Kulon Progo Siap Kembangkan Bawang Merah Ramah Lingkungan

Kabupaten Kulon Progo merupakan salah satu kabupaten sentra bawang merah di Provinsi DI Yogyakarta. Beberapa kecamatan sentra bawang merah yaitu Kecamatan Sentolo, Panjatan, Lendah, Wates dan Galur.

Aris Nugroho, Kepala Dinas Pertanian dan Pangan Kabupaten Kulonprogo, menyampaikan bahwa Tahun 2020 Kabupaten Kulon Progo menargetkan lahan bawang merah seluas 700 hektar.

“Sampai dengan bulan Juni, luas tanam bawang merah sudah mencapai 308 hektar. Pada tahun 2019 produksi bawang merah di Kabupaten Kulon Progo mencapai 6.135 ton dengan luas areal tanam seluas 616 hektar,” jelas Aris.

Lebih lanjut Aris mengatakan untuk mendukung program tersebut, selain perluasan, pihaknya juga akan mengintensifkan pembinaan dan pengawasan terhadap proses penanaman bawang merah, termasuk penerapan budidaya bawang merah ramah lingkungan.

Sri Hartati, PPL Kecamatan Lendah Kabupaten Kulon Progo menyampaikan bahwa petani bawang merah di Kecamatan Lendah baru mulai merintis budi daya ramah lingkungan di tahun 2020 ini. Total luas lahan bawang merah di Kecamatan Lendah ada 20 hektar dan sekitar 20% atau 4 hektar mulai merintis budi daya ramah lingkungan di Desa Bumirejo Kecamatan Lendah Kabupaten Kulon Progo”.

“Kelompok tani bawang merah yang baru merintis penerapan budidaya ramah lingkungan adalah Kelompok Tani Setyo Tuhu di Dusun Bonosoro Desa Bumirejo, Kecamatan Lendah, Kabupaten Kulon Progo, DI Yogyakarta,” pungkas Sri.

Senada dengan pernyataan Sri, Ngadiran Petugas Pengendali OPT (POPT) Kabupaten Kulon Progo menjelaskan, Penerapan budi daya bawang merah ramah lingkungan baru dirintis dengan memasang likat kuning dan feromon sex.
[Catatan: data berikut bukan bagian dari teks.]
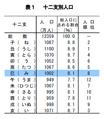 総人口を十二支別にみると、 丑(うし)年生まれが1100万人で最も多く、 子(ね)年1087万人、亥(い)年1071万人と続いており、巳年生まれは8番目となっている。

Untuk monitoring dan menekan populasi hama ulat bawang dipasang perangkap feromon sex sebanyak 20 buah per ha.

“Termasuk mengaplikasikan pupuk organik pada pemupukan dasar dan menanam tanaman refugia di sekitar lahan untuk meningkatkan jumlah musuh alami, terutama parasitoid dan predator pada pertanaman,” jelas dia.

Produktivitas bawang merah Kelompok Tani Setyo Tuhu dapat mencapai 15 ton per ha. Saat ini, harga bawang merah basah di tingkat petani sekitar Rp. 15.000 per kg. Dengan bermodalkan biaya produksi sekitar Rp. 100 juta per ha, petani dapat mengantongi keuntungan sekitar Rp. 125 juta per ha.

“Sampai saat ini OPT yang menyerang tanaman bawang merah hanya ulat bawang (Spodoptera exigua) dengan tingkat serangan yang masih ringan dan masih dapat dikendalikan dengan pengendalian “cap jempol” atau pengendalian secara mekanik yang dilakukan dengan cara mengumpulkan kelompok telur dan larva S. exigua (pembutitan) lalu memusnahkannya yang dilakukan pada umur 7 – 35 hari setelah tanam,” jelas Ngadiran lebih lanjut.

Sri Wijayanti Yusuf, Direktur Perlindungan Hortikultura, dalam arahannya menyampaikan, “Saya merekomendasikan kepada seluruh petani untuk mengaplikasikan agens pengendali hayati, pestisida nabati, likat kuning, feromon dan penanaman refugia dalam pengendalian OPT, serta selalu melakukan monitoring pada pertanaman bawang merah. Dengan demikian serangan OPT dapat dikendalikan dan tidak sampai mengganggu produksi dan mutu produk bawang merah,” bebernya.